Les requérants produisent également un courrier de la [4] en date du 19 novembre 2021, adressé au [5], qui mentionne que la demande de reconnaissance de maladie professionnelle de [S] [Y] est en cours d'instruction.
Les requérants soutiennent sur ce point bénéficier d'une décision implicite de reconnaissance de maladie professionnelle, la caisse n'ayant pas, selon eux, répondu dans le délai de l'article R.441-10 du code de la sécurité sociale.
Selon ce texte, dans sa rédaction issue du décret n°2009-938 du 29 juillet 2009, applicable à la date des certificats médicaux initiaux produits, la caisse dispose d'un délai de trente jours à compter de la date à laquelle elle a reçu la déclaration d'accident et le certificat médical initial ou de trois mois à compter de la date à laquelle elle a reçu la déclaration de la maladie professionnelle et le certificat médical initial pour statuer sur le caractère professionnel de l'accident ou de la maladie.
Sous réserve des dispositions de l'article R. 441-14, en l'absence de décision de la caisse dans le délai prévu au premier alinéa, le caractère professionnel de l'accident ou de la maladie est reconnu.
Toutefois, en l'absence de justification par les requérants de la date exacte de dépôt de la demande auprès de la caisse primaire d'assurance maladie, la cour n'est pas en mesure de se prononcer sur la reconnaissance du caractère professionnel de la maladie litigieuse par application de ces dispositions.
La demande des requérants à cette fin ne peut ainsi qu'être rejetée.
En revanche, la cour considère qu'il est nécessaire, pour déterminer s'il y a lieu d'appliquer la présomption simple résultant des textes précités, de connaître la décision de la [4] quant à la demande de reconnaissance de maladie professionnelle pendante devant celle-ci au 19 novembre 2021.
En conséquence, il est fait droit à la demande des requérants aux fins de sursis à statuer, jusqu'à production de la décision de la [4] quant à la demande de reconnaissance du caractère professionnel de la maladie de [S] [Y].
L'affaire sera réintroduite sur production de cette décision à l'initiative de la partie la plus diligente.
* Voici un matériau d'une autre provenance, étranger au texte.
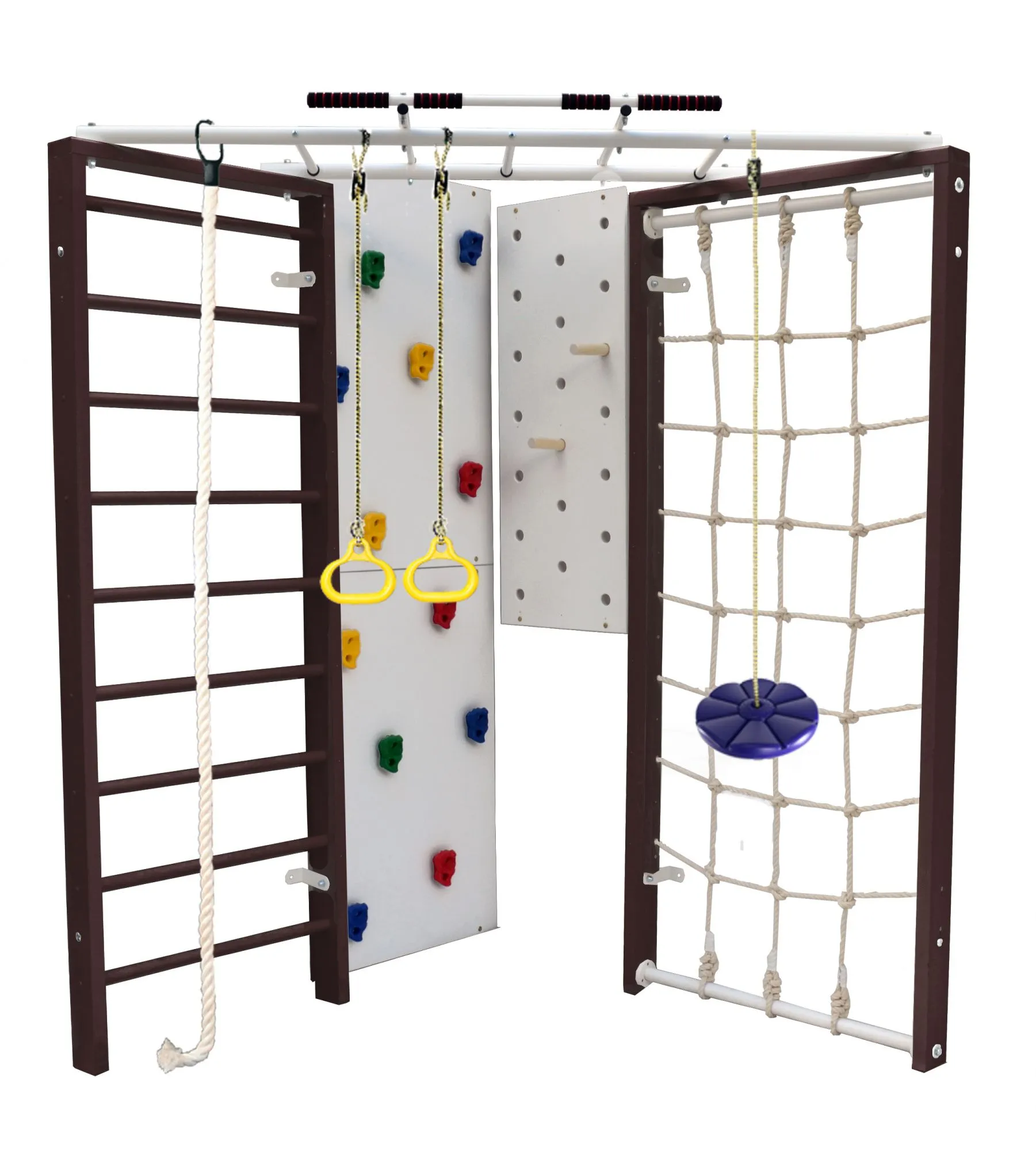 Модель Kampfer Fantastic включает в себя самый обширный набор аксессуаров - турник, шведскую стенку, канатный лаз, скалодром, пегборд, и самые популярное навесное оборудование канат, кольца и лиану. Крепкий металлический турник выдерживает нагрузку до 120 кг, подходит как детям так и взрослым. Навесное оборудование Kampfer на прочных тросах выдерживает нагрузку до 100 кг. Допустимая нагрузка на скалолаз, пегборд, канатный лаз и навесное оборудование 50 кг. Особенностью пристенной шведской стенки Kampfer Fantastic является угловая конструкция, большой двойной скалолаз имеющий 12 пластиковых зацепов. Малышам очень нравится - лазить по скалолазу, забираться вверх по сетке канатного лаза, перебираться по пегборду, висеть на канате и качаться на лиане.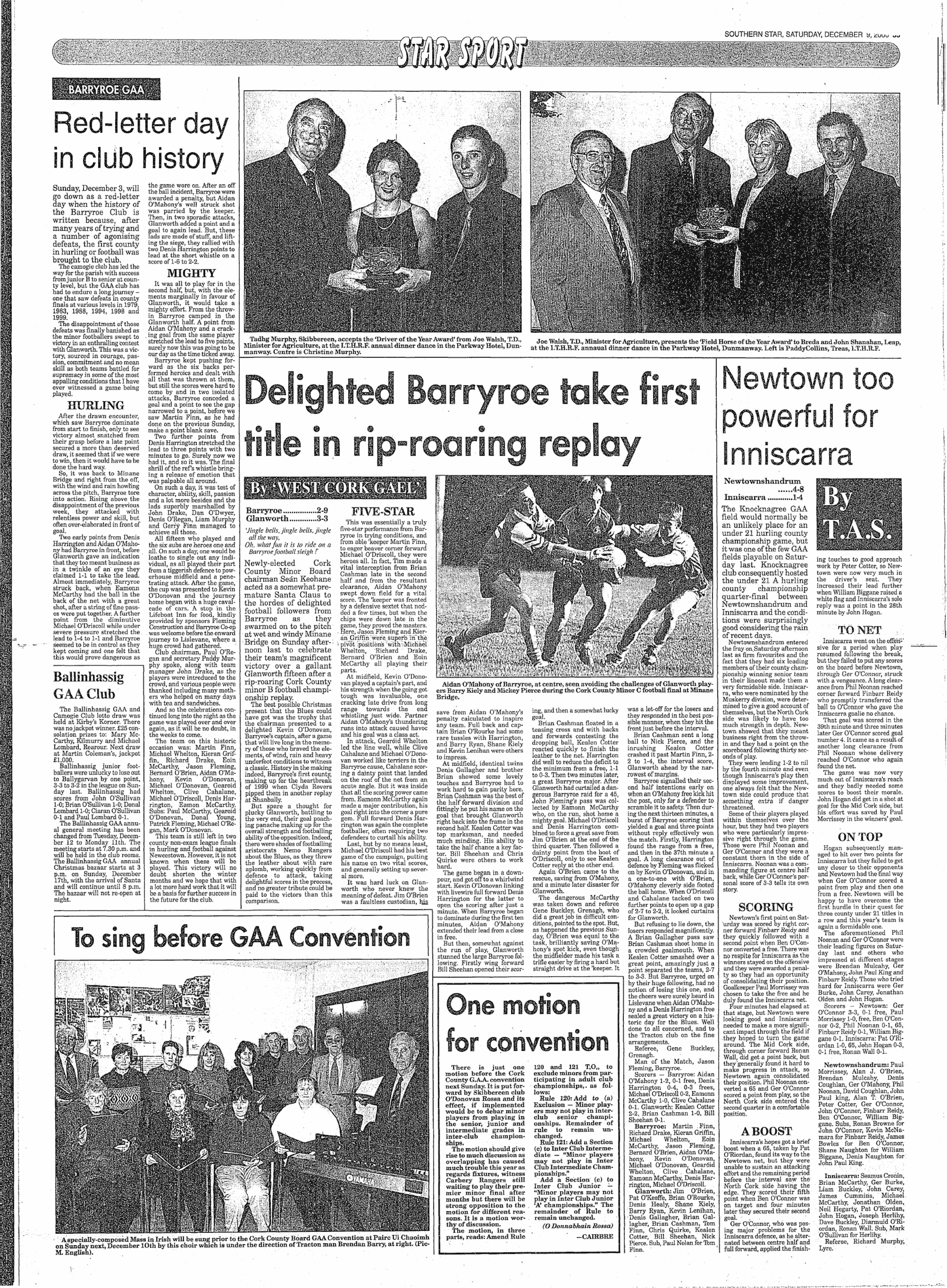 #onthisdate twenty-five years ago, the Barryroe Minor footballers claimed the county title for the first time on Sunday the 3rd December in Minane Bridge in a replay, where they defeated Glanworth on a score of 2-09 to 3-03.

Sur les frais irrépétibles et les dépens
Les dépens et les frais irrépétibles sont réservés.
PAR CES MOTIFS
La cour,
Statuant publiquement, par arrêt contradictoire, mis à disposition au greffe et en dernier ressort,
Rejette la demande de Mme [A] [LH] veuve [Y], M. [L] [Y], Mme [LK] [Y], Mme [I] [Y], M. [C] [Y], Mme [F] [Y], M. [R] [Y], Mme [GI] [Y], Mme [H] [Y], M. [U] [Y], M. [P] [Y], M. [D] [Y] (en son nom propre et en qualité d'administrateur légal de ses enfants [W] [Y] et [GF] [Y]), M. [T] [Y], Mme [B] [Y], Mme [X] [Y] épouse [O] (en son nom propre et en qualité d'administratrice légale de ses enfants [K] [O] et [E] [O]), Mme [LE] [J], M. [Z] [J], Mme [N] [Y] (en son nom propre et en qualité d'administratice légale de ses enfants [RM] [Y] et [G] [Y]), M. [RG] [Y], Mme [WI] [Y], M. [C] [Y] aux fins de voir dire que la reconnaissance implicite de la maladie professionnelle de [S] [Y] objective le lien de causalité entre l'exposition à l'amiante et la maladie ;
Sursoit à statuer jusqu'à la production par la partie la plus diligente de la décision de la [4] quant à la demande de reconnaissance du caractère professionnel de la maladie de [S] [Y],
Dit que l'affaire sera radiée du rôle des affaires en cours et qu'elle sera enrôlée à nouveau à l'initiative des parties ou à la diligence de la cour, sauf la faculté d'ordonner, s'il y a lieu, un nouveau sursis ou, suivant les circonstances, de révoquer le sursis ou d'en abréger le délai,
Réserve les dépens et les frais irrépétibles.